Paseo mi mirada desatacada por el platillo de mantequilla, las jaleas y la poso al cabo en el camarero de pechera a rayas que me sirve el té humeante y me pregunta,
– ¿Todo está satisfactorio?
Yo miro con debilidad a las dos enfermeras con uniformes grises de cuellos tiesos y faldas estrechas. Una de ellas levanta la taza y la lleva a mis labios.
Yo me siento emaciado, exhausto y alcanzo a distinguir en la curva de una cuchara mi rostro deformado, mis ojos perdidos en cuencas profundas, mi nariz nerviosa, mis orejas silenciosas, mis mejillas grisáceas. Siento en mí una desolación profunda que no logra disimular una débil y enfermiza sonrisilla.
El camarero pregunta: ¿Necesita algo más el señorito?

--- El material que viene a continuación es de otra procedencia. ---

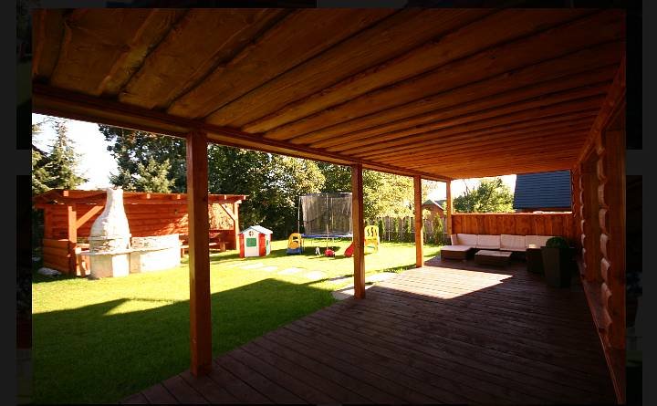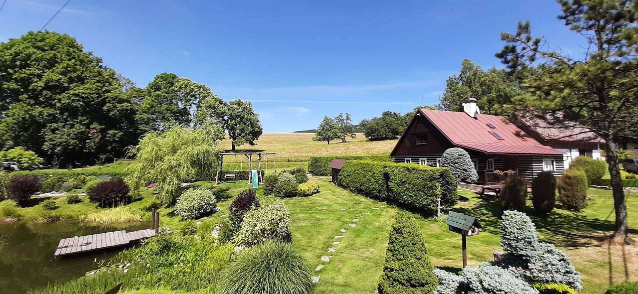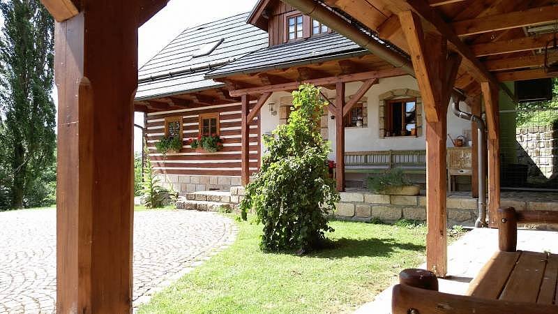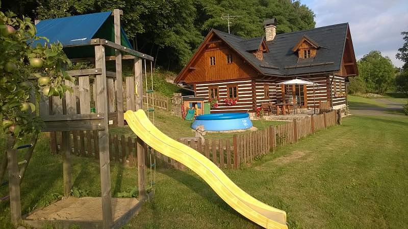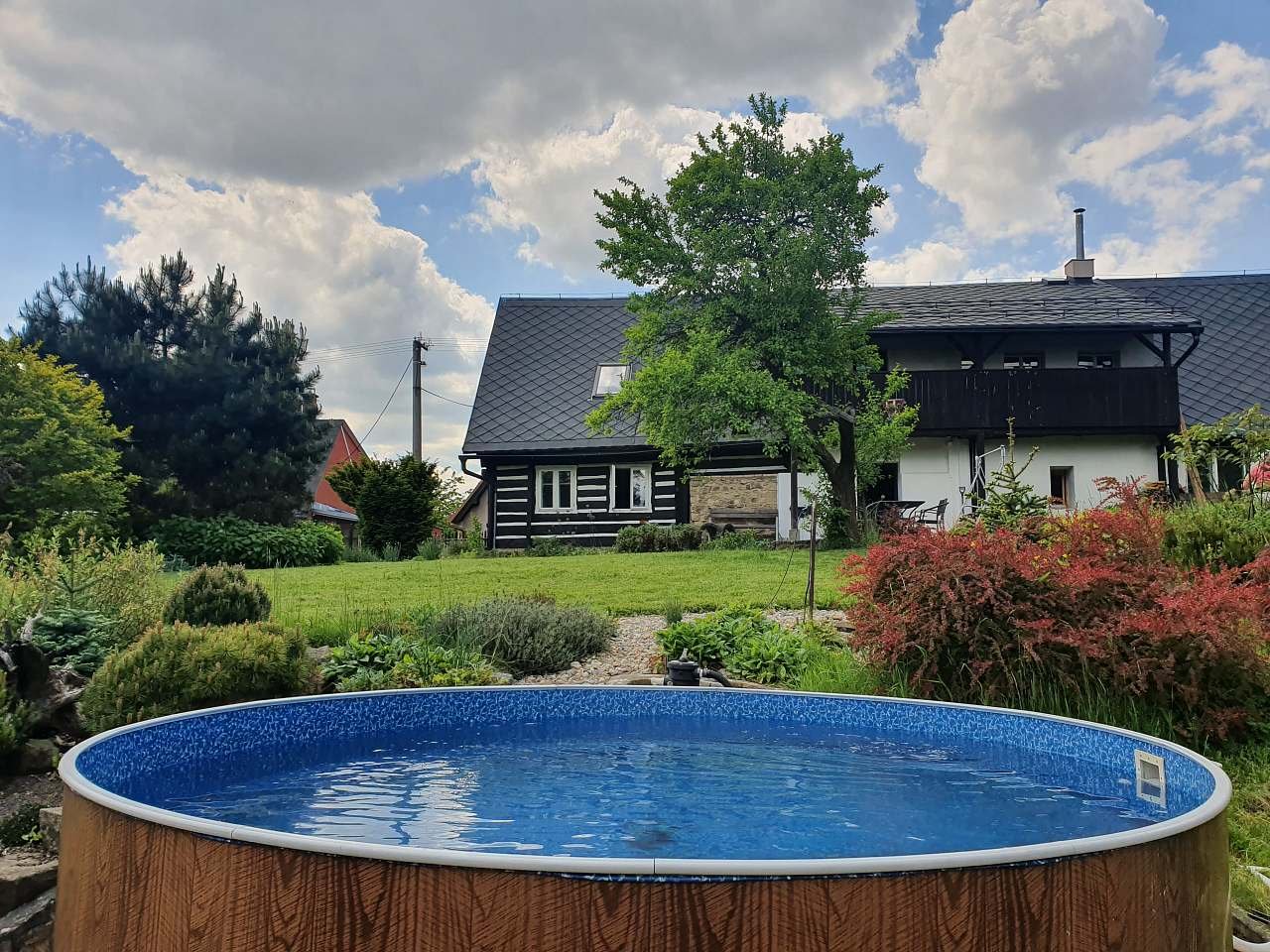 Roubená chalupa s částečně uzavřenou pergolou, krbem, posezení. Prostorná zahrada a dvůr, bazén 3,6x0,9 s pískovou filtrací. Houpačka 2x, trampolína, také závěsná síť, pískoviště...

En la segunda cueva, el lobo cohabita con el cordero. En otra, el leopardo duerme con la cabra. En la tercera -donde los perros devoran al anciano-, ahora una niña mete la mano en el hoyo de la serpiente. La niña viste un traje azul, medias azules, zapatos azules y un delantal blanco con las iniciales bordadas, C. G.
Olmeca
A Tamara y Arturo Fontaine,
compañeros de viaje a la tierra olmeca
1.
Me cuesta mucho saber dónde estoy. Quién soy. He tardado en acostumbrarme a la oscuridad. Me corrijo: tardo en descubrir la luz. Me contradigo: ¿la luz que descubro es parte de la oscuridad que reconozco? ¿O la oscuridad es la verdad que me rodea y la luz un engaño mío?
Iba a decir: un engaño de mi alma. Me corrijo otra vez. Sé que esa palabra está prohibida aquí. Alma. Anima. Espíritu. Son palabras prohibidas. Sin que nadie me lo enseñe, yo sé que aquí todos somos distintos. ¿Todos? ¿Somos? Mi escasa visión me va permitiendo distinguir. No sé bien quiénes somos o dónde estamos. Sé que el tacto está prohibido. Lo sé en el "alma". Esa será mi única posibilidad de saber. Guiarme casi a ciegas y tocar las cosas. Eso está prohibido.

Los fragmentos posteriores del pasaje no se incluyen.